In R, I have a data frame that is based on an IPUMS CPS extract in which I'd like to tabulate households based on residents' education level. In the df, each observation is a specific person. There exists a variable called "CPSID" which is a unique household identifier. That being said, all observations with the same value in the CPSID column live in the same household. For example, if three separate observations have the same value in the CPSID column, that means those three observations live in a household together. I've used ifelse statements to identify each observation's education level using the "Education" variable.
Now, I'd like to do two things:
- I want to add a new column that displays the total amount of people in a specific observation's household WITHOUT collapsing the data by a certain group. So, if three observations have the same CPSID, then "3" should be displayed in the new column for each of those observations sharing the CPSID.
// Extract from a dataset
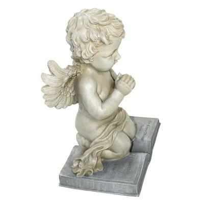 Your spirit will soar at the promise of hope inscribed in this contemplative cherub statue. With feathered angel wings and a book with readable text, this inspirational baby angel sculpture is grounded in the everlasting faith of life’s beauty. Our Design Toscano-exclusive prayerful cherub sculpture is cast in quality designer resin with a two-tone faux stone finish to highlight every delightfully angelic detail. Another quality Toscano garden angel statue!

- Right now I have a "1" indicating the education level attained and a "0" otherwise. Instead, I'd like that number to again display the total number of people in the household. For example, if an observation lives with three people, then I want a "3" to show up in the area that identifies the education level.
The screenshot of the R Studio df is what I currently have
.
The screenshot of the excel is an example of what it should look like
.
If anyone could help me out, that would be spectacular! Thanks a ton in advance.
Education_status <- data.frame(data3$YEAR, data3$MONTH, data3$CPSID, data3$HWTFINL, data3$EDUC99)
Education_status <- filter(Education_status, data3.EDUC99 !=0)
Education_status["less than Associate's"] <- ifelse(Education_status$data3.EDUC99 <= 11, 1, 0)
Education_status["Associate's"] <-
ifelse(Education_status$data3.EDUC99 == 12, 1, 0) +
ifelse(Education_status$data3.EDUC99 == 13, 1, 0) +
ifelse(Education_status$data3.EDUC99 == 14, 1, 0)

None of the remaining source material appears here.